Wow ... I go away for an hour and come back to stacks of replies, lots of ideas and oodles of common sense comments too! Thank you all! And you've made me feel a whole lot better in knowing I'm not the only one with a fussy little beggar! And controlling! This evening I'm going to start working through your suggestions ...alarm clock first Goobledigook ... I think that might just work. I DON'T want to be cooking separate dishes for everyone and am determined to knock this on the head - although we eat our main meal in the evening and it's hard to carry through the threat of sending him to bed w'out food (lunchtime's easier for this). Thanks everyone!

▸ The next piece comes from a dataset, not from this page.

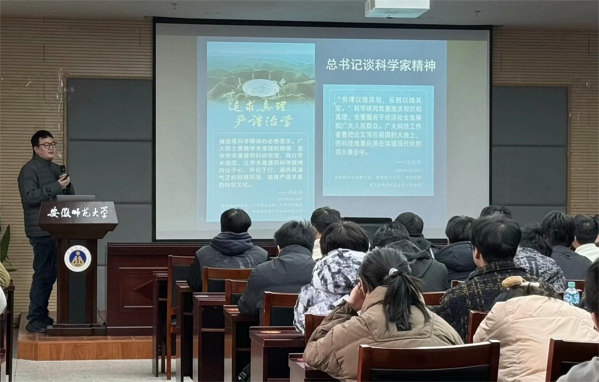 院长吕建平在物理楼304会议室作了题为《弘扬“科学家精神”》的形势政策课,辅导员王亚青以及2024级全体研究生现场聆听。

oops Tue 02-Aug-05 15:10:08

Message withdrawn

bundle Tue 02-Aug-05 15:11:57

gdg is right re: timing, once they get to school many kids have "sittings" at lunchtime and if they aren't used to eating up fairly briskly they will go hungry

oops Tue 02-Aug-05 15:13:24

Message withdrawn

frogs Tue 02-Aug-05 15:14:28

Oh god, I'm not that scary. I spent a lot of time in my teenage years being sent to skivvy for one of my aunts who had six children, and who ended up just as I described earlier, cooking six separate meals to different specifications. Even at the age of 14 I realised that this was not the way forward.

I'm not aiming to control my kids' food intake, I just try to be very matter-of-fact about the whole food issue. In the end you can't make them eat anyway, so it always seemed to me that it's not a fight worth entering into. Actually my 18-month dd2 can be very contrary about food, so I do try to give her a range of things on her plate at once. But in the end, if she doesn't eat it, I'm not going to get worked up over it.

I just hate it when kids feel the need to hold forth at length about their various dislikes -- if they don't want to eat it, fair enough, but they don't have to tell everyone about it. And most of the dislikes are pretty irrational anyway -- it's not unusual to get junior school-age visitors announcing, "Oh, I only eat Munch Bunch yoghurts", or whatever. A visiting six-year old recently refused a drink of milk, and when offered water instead, maintained, "oh, I don't drink water." wtf?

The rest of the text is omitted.